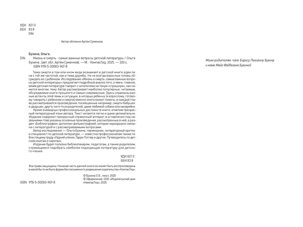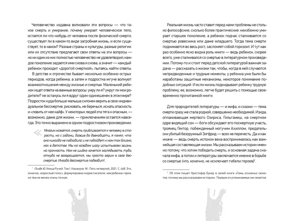 Тема смерти в том или ином виде возникает в детской книге едва ли не с той же частотой, как и тема дружбы. Но не всегда взрослые готовы обсуждать ее с ребенком. Исследование «Жизнь и смерть: самые важные вопросы детской литературы» предлагает подробный анализ того, о чем и, главное, зачем детская литература говорит с читателями на такую «страшную», как кажется многим, тему. Автор рассматривает наиболее популярные, читаемые, обсуждаемые книги прошлого и самые современные. Здесь отражены разные аспекты этой темы и ситуации, в которых ребенку (и взрослому, готовому говорить с ребенком о смерти) именно книга может помочь: в каждой главе рассматриваются произведения, посвященные, например, смерти бабушек и дедушек, друга, кого-то из родителей, даже любимой собаки или канарейки.
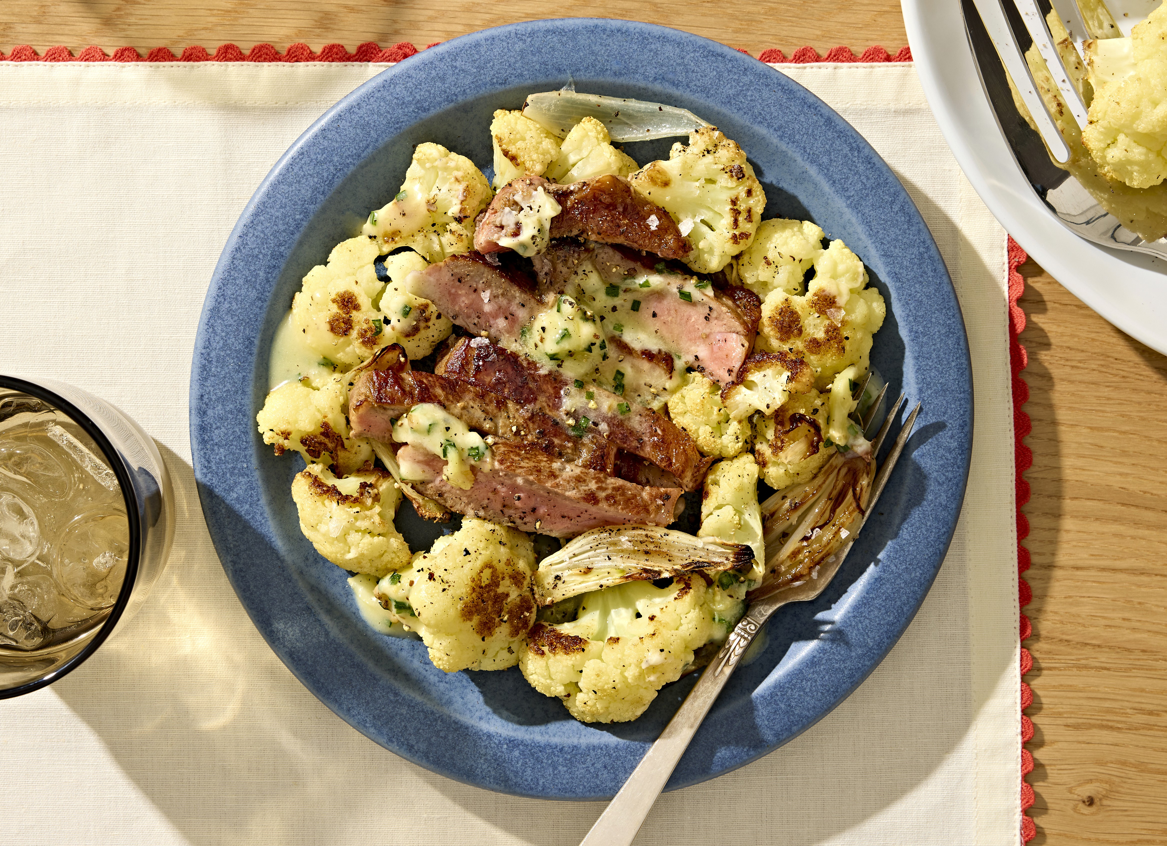 Strip Steaks with Cauliflower + Roasted Garlic Butter
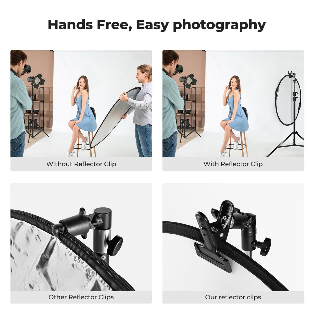 Nosač reflektora za fotografiju K&F CONCEPT je izdržljiva metalna kopča dizajnirana za sigurno držanje reflektora tijekom snimanja u studiju ili na otvorenom bez potrebe za asistentom. Njegova metalna opruga visoke čvrstoće pruža snažnu steznu silu, dok protuklizna podloga osigurava stabilnost i sprječava slučajno klizanje. Dizajniran za svestranost, nosač uključuje središnji otvor za vijak za zaključavanje, što fotografima omogućuje jednostavno montiranje i pričvršćivanje suncobrana s mekim svjetlom. Univerzalna baza od 5/8", uparena s priloženim adapterom za vijak od 1/4" do 3/8", osigurava kompatibilnost sa svim standardnim stalkom za svjetlo. Jednostavan za postavljanje i izrađen za pouzdane performanse, ovaj nosač je neophodan alat za fotografe kojima je potreban učinkovit i stabilan nosač reflektora ili suncobrana.

^^^^^^^^^^^^^^^^

- **Exercise goal**:
With the pictures removed, output the listing above exactly.

- **Response to the task**:
 Тема смерти в том или ином виде возникает в детской книге едва ли не с той же частотой, как и тема дружбы. Но не всегда взрослые готовы обсуждать ее с ребенком. Исследование «Жизнь и смерть: самые важные вопросы детской литературы» предлагает подробный анализ того, о чем и, главное, зачем детская литература говорит с читателями на такую «страшную», как кажется многим, тему. Автор рассматривает наиболее популярные, читаемые, обсуждаемые книги прошлого и самые современные. Здесь отражены разные аспекты этой темы и ситуации, в которых ребенку (и взрослому, готовому говорить с ребенком о смерти) именно книга может помочь: в каждой главе рассматриваются произведения, посвященные, например, смерти бабушек и дедушек, друга, кого-то из родителей, даже любимой собаки или канарейки.
 Strip Steaks with Cauliflower + Roasted Garlic Butter
 Nosač reflektora za fotografiju K&F CONCEPT je izdržljiva metalna kopča dizajnirana za sigurno držanje reflektora tijekom snimanja u studiju ili na otvorenom bez potrebe za asistentom. Njegova metalna opruga visoke čvrstoće pruža snažnu steznu silu, dok protuklizna podloga osigurava stabilnost i sprječava slučajno klizanje. Dizajniran za svestranost, nosač uključuje središnji otvor za vijak za zaključavanje, što fotografima omogućuje jednostavno montiranje i pričvršćivanje suncobrana s mekim svjetlom. Univerzalna baza od 5/8", uparena s priloženim adapterom za vijak od 1/4" do 3/8", osigurava kompatibilnost sa svim standardnim stalkom za svjetlo. Jednostavan za postavljanje i izrađen za pouzdane performanse, ovaj nosač je neophodan alat za fotografe kojima je potreban učinkovit i stabilan nosač reflektora ili suncobrana.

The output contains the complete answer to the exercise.